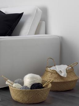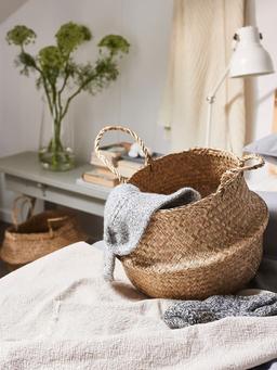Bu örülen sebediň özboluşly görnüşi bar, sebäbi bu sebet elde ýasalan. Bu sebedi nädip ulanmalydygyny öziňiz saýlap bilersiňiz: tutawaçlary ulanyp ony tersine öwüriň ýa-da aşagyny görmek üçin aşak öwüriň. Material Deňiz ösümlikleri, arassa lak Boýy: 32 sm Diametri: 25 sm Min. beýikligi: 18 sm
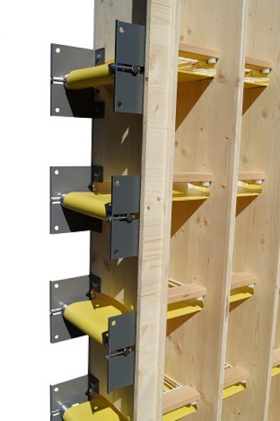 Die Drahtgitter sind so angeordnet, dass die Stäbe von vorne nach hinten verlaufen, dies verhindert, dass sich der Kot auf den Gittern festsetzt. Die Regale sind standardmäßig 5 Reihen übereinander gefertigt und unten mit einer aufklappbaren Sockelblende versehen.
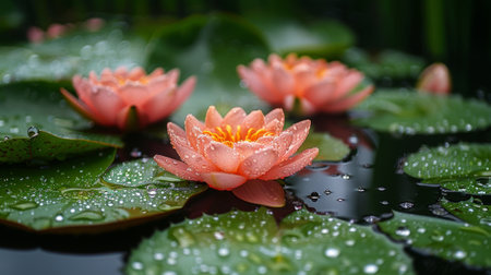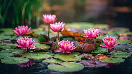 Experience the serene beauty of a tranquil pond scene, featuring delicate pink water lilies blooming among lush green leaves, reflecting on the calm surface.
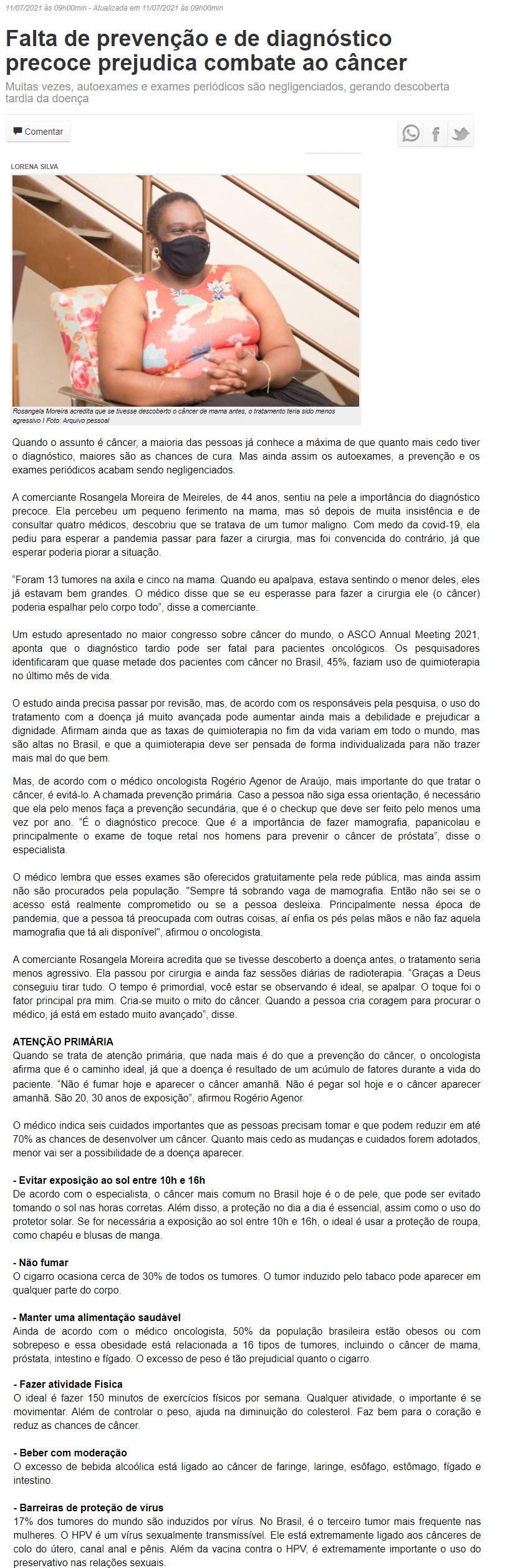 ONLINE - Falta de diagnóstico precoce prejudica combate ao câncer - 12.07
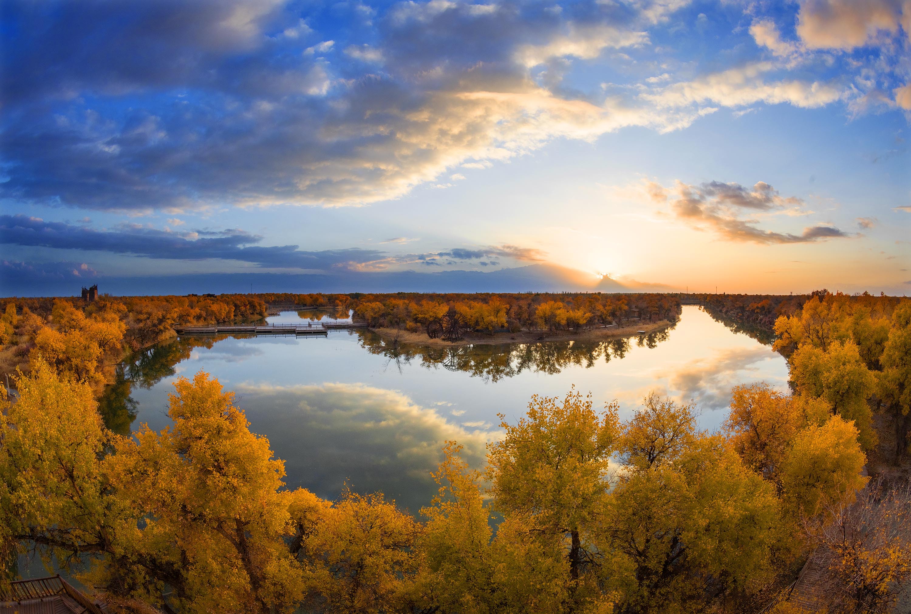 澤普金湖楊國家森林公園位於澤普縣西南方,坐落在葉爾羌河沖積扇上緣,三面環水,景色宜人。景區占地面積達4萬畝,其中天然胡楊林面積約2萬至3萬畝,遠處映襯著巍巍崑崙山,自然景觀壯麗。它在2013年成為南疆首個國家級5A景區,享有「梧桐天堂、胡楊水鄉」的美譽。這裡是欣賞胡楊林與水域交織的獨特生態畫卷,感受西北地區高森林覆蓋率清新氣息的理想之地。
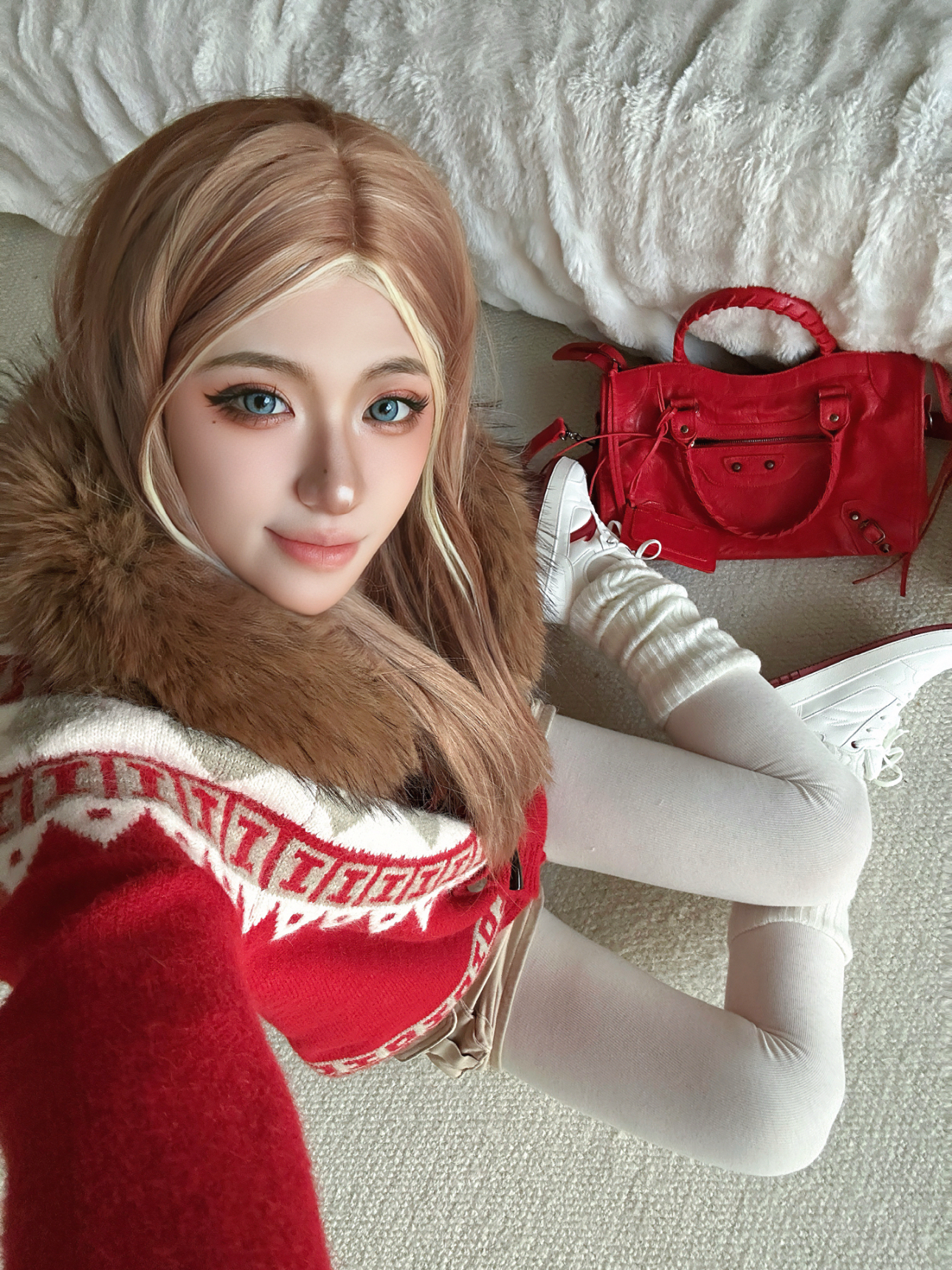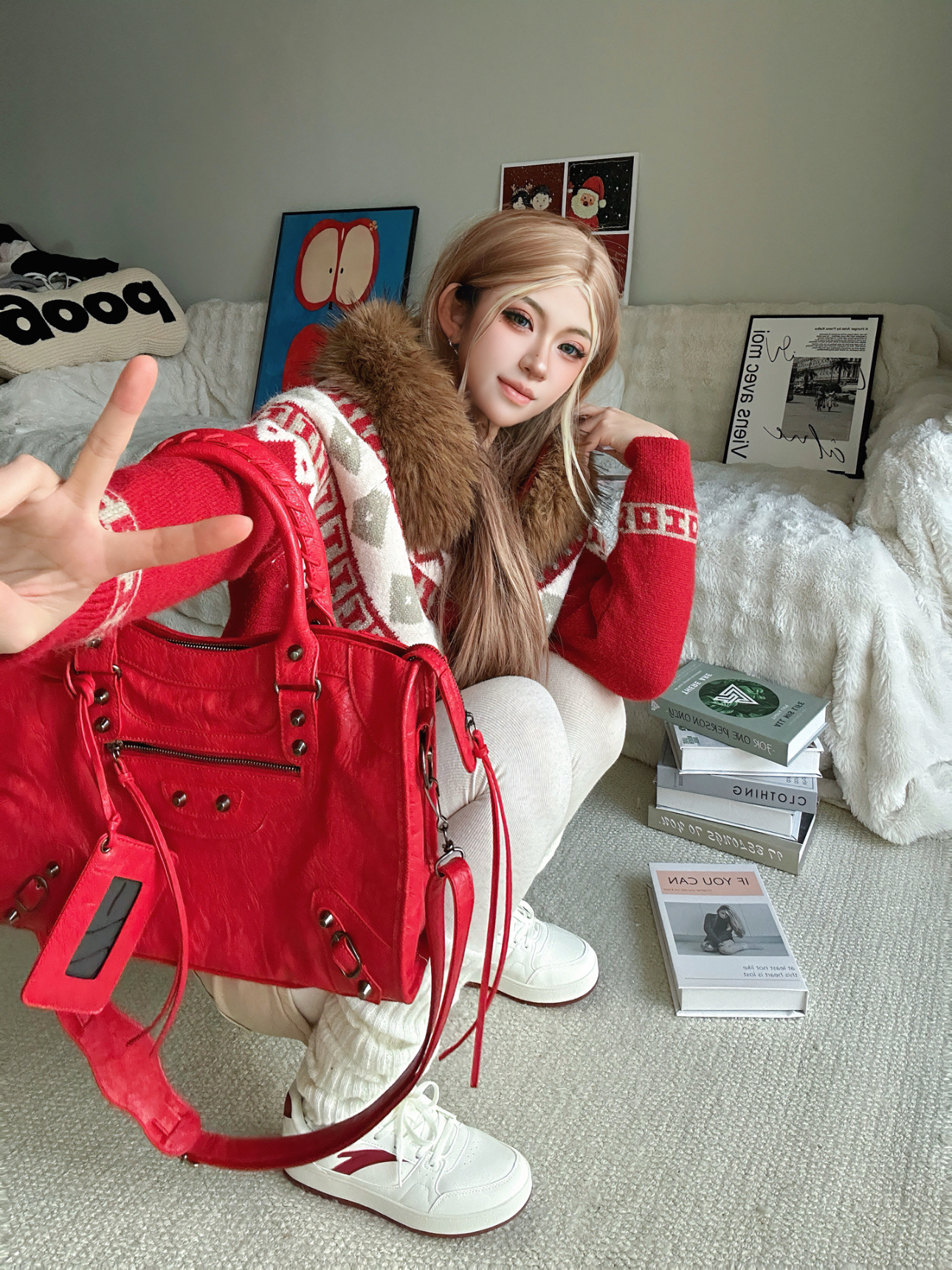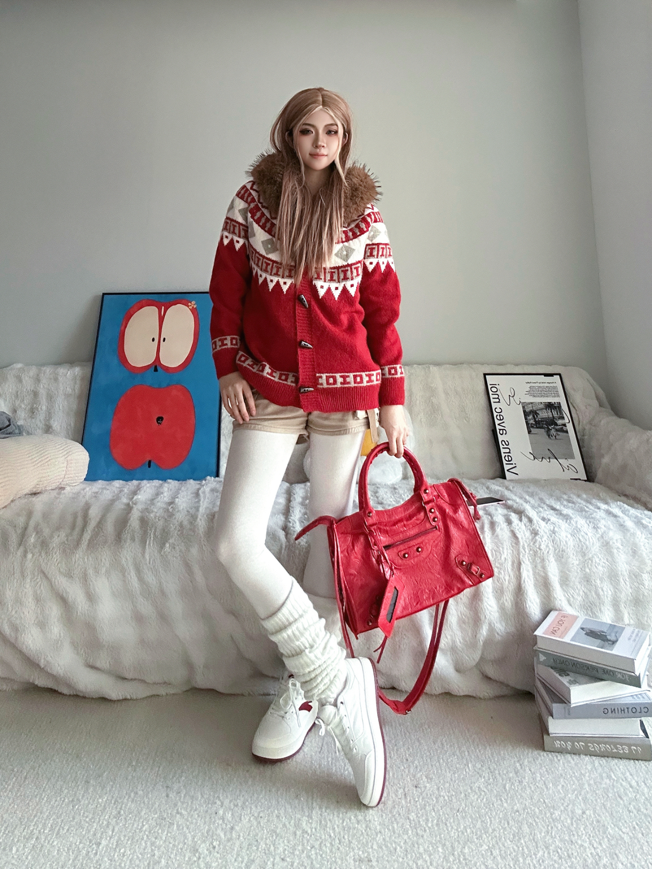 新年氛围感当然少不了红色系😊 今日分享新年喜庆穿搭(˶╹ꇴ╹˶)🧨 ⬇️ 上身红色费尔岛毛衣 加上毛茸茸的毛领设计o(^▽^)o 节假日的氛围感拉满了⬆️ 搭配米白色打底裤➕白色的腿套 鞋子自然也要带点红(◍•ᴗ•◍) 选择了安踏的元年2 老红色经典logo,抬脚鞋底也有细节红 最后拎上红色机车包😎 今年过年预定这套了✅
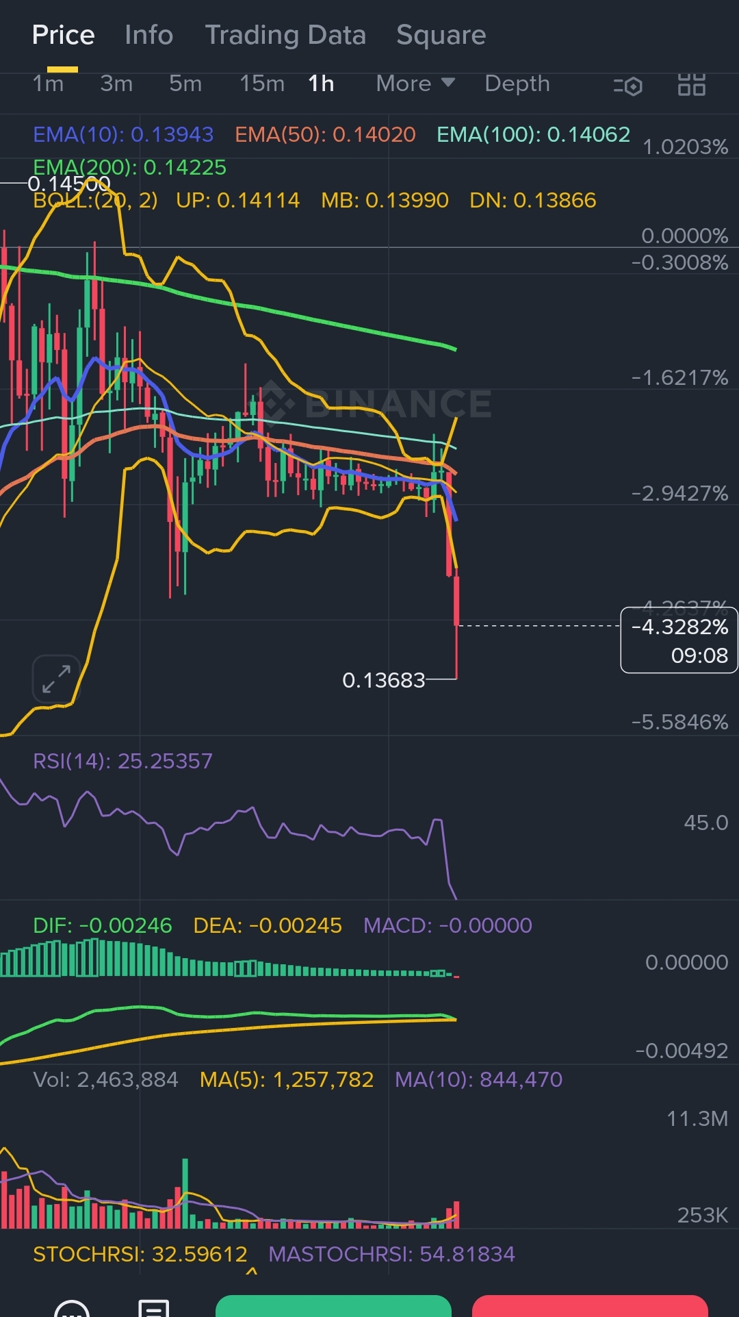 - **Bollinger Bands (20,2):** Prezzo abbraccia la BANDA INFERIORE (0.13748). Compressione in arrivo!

| Task prompt |
Would you repeat exactly, and only, the lines from the start of the records above through the line containing "Die Drahtgitter sind", with the pictures omitted?

| Task answer |
Bu örülen sebediň özboluşly görnüşi bar, sebäbi bu sebet elde ýasalan. Bu sebedi nädip ulanmalydygyny öziňiz saýlap bilersiňiz: tutawaçlary ulanyp ony tersine öwüriň ýa-da aşagyny görmek üçin aşak öwüriň. Material Deňiz ösümlikleri, arassa lak Boýy: 32 sm Diametri: 25 sm Min. beýikligi: 18 sm
 Die Drahtgitter sind so angeordnet, dass die Stäbe von vorne nach hinten verlaufen, dies verhindert, dass sich der Kot auf den Gittern festsetzt. Die Regale sind standardmäßig 5 Reihen übereinander gefertigt und unten mit einer aufklappbaren Sockelblende versehen.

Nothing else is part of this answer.